No. Of course not, says Jesus. They were not, I tell you. 

And, you know, the irony is that this moral lesson is probably best learned, not by those like Job’s comforters who might point the malicious finger of accusation, but by the very victims of the suffering themselves. 

I’m suddenly thinking of the pastoral visits I’ve made in my 25 years of ministry to the prematurely dying, who are torturing themselves by genuinely believing that they must be being punished for something they have done to displease God. 

And I try to tell them the good news of Jesus Christ.

 Not just, as with Job, that, no, they mustn’t blame themselves because God is above that sort of vindictiveness - He’s the remote creator we cannot fathom, the mysterious great “I am”.

 No. Much much more than that - God loves them and cares desperately about them and feels for them and suffers with them and wants the best result for them through the skills of doctors and nurses and the faithful patience of friends and family, whether that best result be recovery or whether it be a peaceful early death and the onward journey of the soul.   

 More guilty of some sin than the rest of us?  They were not, I tell you says Jesus.  

Then He goes on to say No, but unless you repent, you will all perish.

Is this a sting in the tail?

Well, on one level you can see what He was getting at for the benefit of His original hearers.

You Israelites, wake up for goodness’ sake, before it’s too late. Don’t be so smug. Don’t point at the Galileans whom Pilate executed or who fell off the tower and say “Serves them right” or even, if you want to be more mealy-mouthed, “There but for the grace of God go I”. Nobody is more entitled to God’s grace than anybody else. The point is you’ll all heading for disaster, every man woman and child, because, instead of turning back to God, you think you can take on the Roman empire single handed and you’ll find the Romans are soon going to flatten your precious temple and all Jerusalem with it.

 And indeed the siege of Jerusalem by the Romans in ad70 is a matter of historical record.

But what matters is what Christ is saying to us.

 Suffering is not a mark of guilt or God’s displeasure. But refusal to repent and turn away from sin will be a spiritual disaster for any one of God’s children, irrespective of whether they happen to be suffering or prospering.

 If we do not repent, if we do not turn to God and put Him first in our lives and seek to do His will, we are inviting spiritual disaster, cutting ourselves off from His love and sending ourselves to a kind of hell of loneliness and isolation.

 When will that disaster, that loneliness and isolation kick in? When will it be too late to repent?

I can’t tell you that. I don’t think anybody can.

But Jesus leaves us with one of the most beautiful and moving metaphors of God’s love in the whole bible.

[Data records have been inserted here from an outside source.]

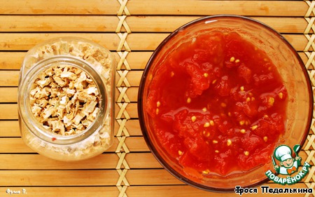 Сушеный сельдерей замочить в 1 ст.л. теплой воды. Консервированные томаты очистить от кожицы, порезать, сок собрать.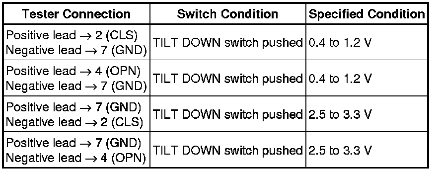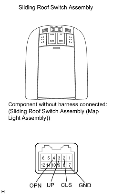 If the result is not as specified, replace the sliding roof switch assembly (map light assembly).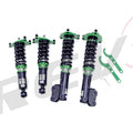 Hyper-Street II coilover suspension upgrade features mono-tube shocks with 32 clicks rebound settings and full length adjustable. Mono-tube shocks provides larger capacity for gas and oil to improve comfortable level of typical lowering vehicle. Special 32 clicks of valving allows user to fine tune rebound force settings. Independent spring tension and full length adjustable allows drop without sacrifice comfort by shorten pitch distance.
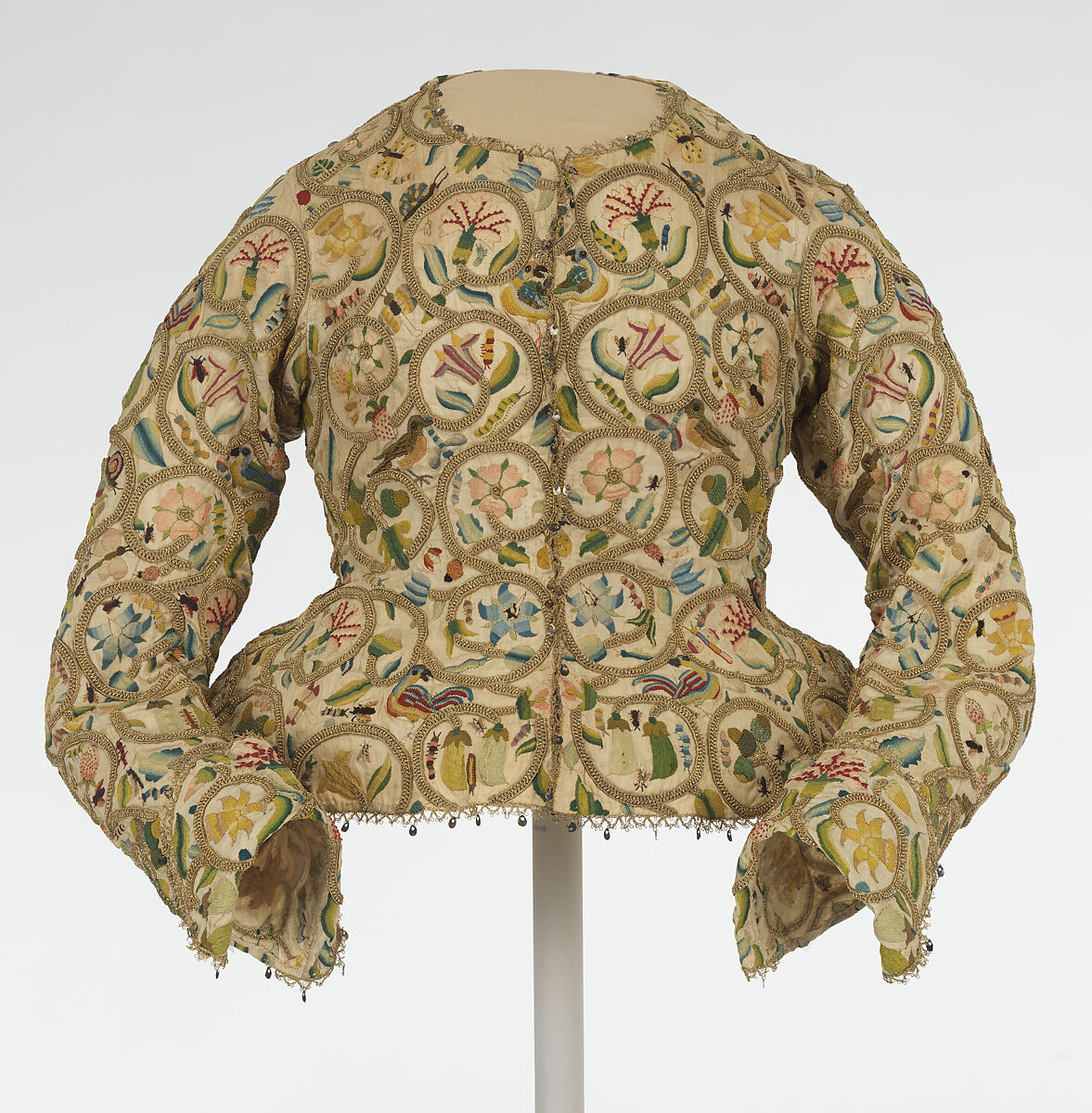 In this informal bodice, known as a ‘waistcoat’ in the seventeenth century, floral and vegetal motifs are accounted for with scientific clarity but assembled along traditional continuous meanders. Like seventeenth-century still-life painting in its global reach and analytical approach, the jacket suggests both abundance and taxonomy.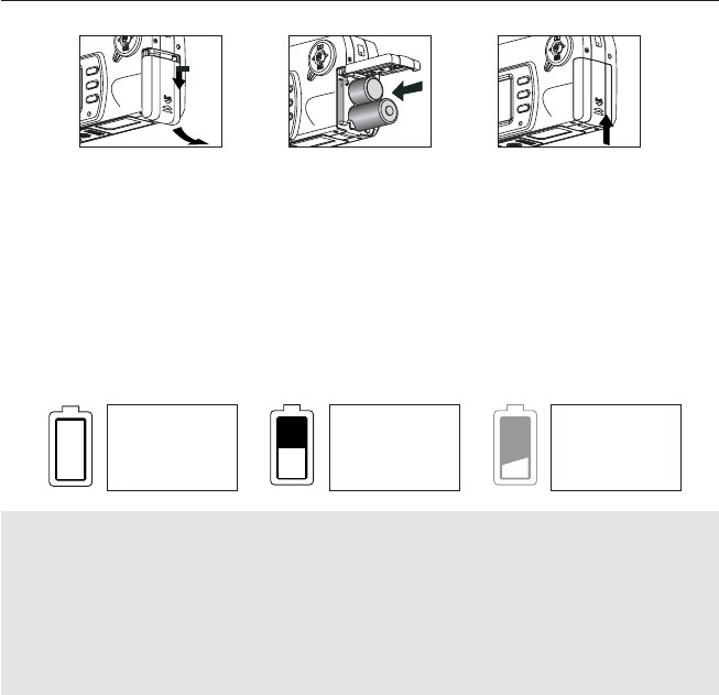• Press the Battery/Memory Card door, slide the door down and lift it open.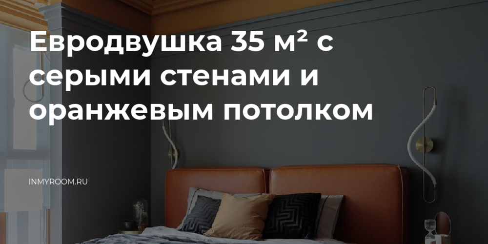 Самой яркой деталью интерьера является решение потолка в спальне: двухрядный декоративный карниз с подсветкой по периметру комнаты стал цветовой границей плоскостей. Потолок выкрашен в сложный оранжевый оттенок, заходящий на стены — получается эффектный контраст с темно-графитовыми стенами.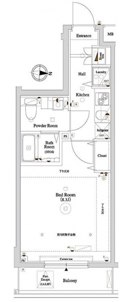 | 専有面積 | 25.60m² | バルコニー面積 | 3.85m² |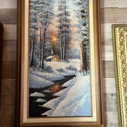 Beautiful Vintage framed original winter scenery painting frame size 29 x 17 in signed by L.Levi$79Lowell, MA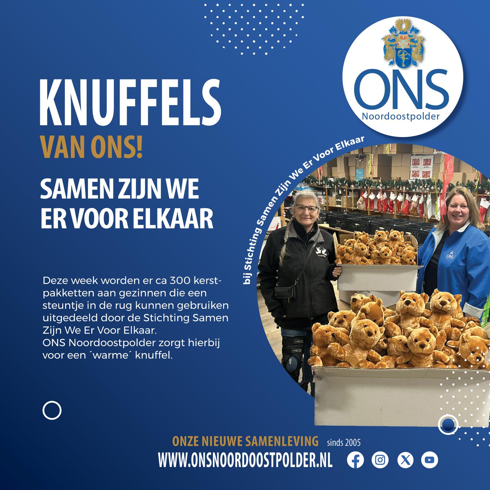 ONS schenkt 300 knuffelberen aan Stichting "Samen Zijn We Er Voor Elkaar".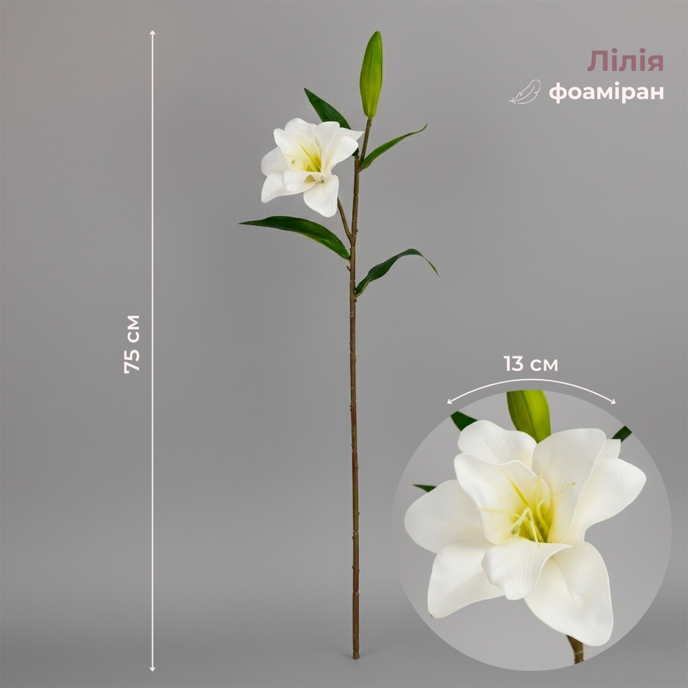 Висота — 75 см. Діаметр бутона — 13 см. Матеріал квітки — фоаміран, листя — тканина. Лілія — елегантний акцент для інтер’єрного та святкового декору з реалістичною формою квітки та акуратним листям. Чудово виглядає як соло у вазі, так і в складі квіткових композицій. Підходить для оформлення фотозон, вітрин і декору подій.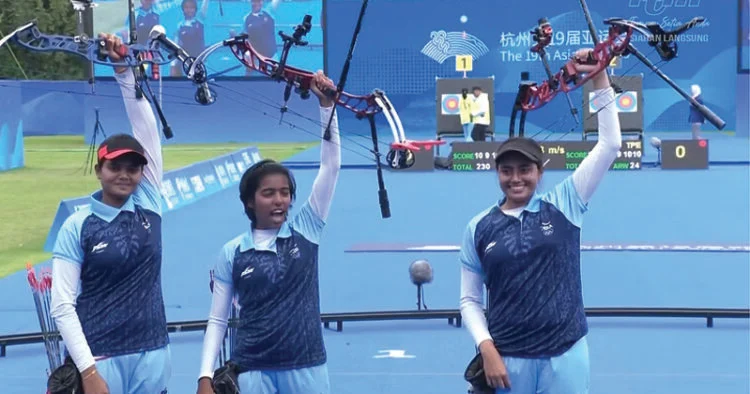 ഹാങ്ചൊ: ഏഷ്യൻ ഗെയിംസിൽ ഇന്ത്യയുടെ സ്വർണക്കൊയ്ത്ത് തുടരുന്നു. വനിതാ ടീം അമ്പെയ്ത്ത് മത്സരത്തിൽ സ്വർണം കൊയ്തതോടെ ഇന്ത്യയുടെ സ്വർണ മെഡലുകളുടെ എണ്ണം 19 ആയി. ജ്യോതി സുരേഖ, അദിതി ഗോപിചന്ദ് സ്വാമി, പർണീത് കൗർ എന്നിവർ അടങ്ങുന്ന സംഘമാണ് അമ്പെയ്ത്തിൽ ഭാരതത്തിനായി സ്വർണം എയ്തിട്ടത്. അമ്പെയ്ത്തിൽ ഇതു രണ്ടാമത്തെ സ്വർണമാണ് ഇന്ത്യ സ്വന്തമാക്കുന്നത്.

 Your soul is a fig-tree. You have hardened your heart, gone your own way, given two fingers to God and to any poor beggar who needed your help for three years, i.e. you have not borne any spiritual fruit for three years, which could symbolically mean almost a lifetime. “Enough is enough. Put this tree on the bonfire.” Is that what God says? No. Give it another year. You never know. I won’t quite give up hope on it yet.”

If God is so undeservedly patient with us, perhaps we should be that little bit more impatient with ourselves during Lent 2022 to change our ways.

 Do good things happen to bad people? Do bad things happen to good people?  The answer in both cases is clearly YES. But then that’s not the point. The point is first God’s love and patience, then our repentance and finally God’s forgiveness.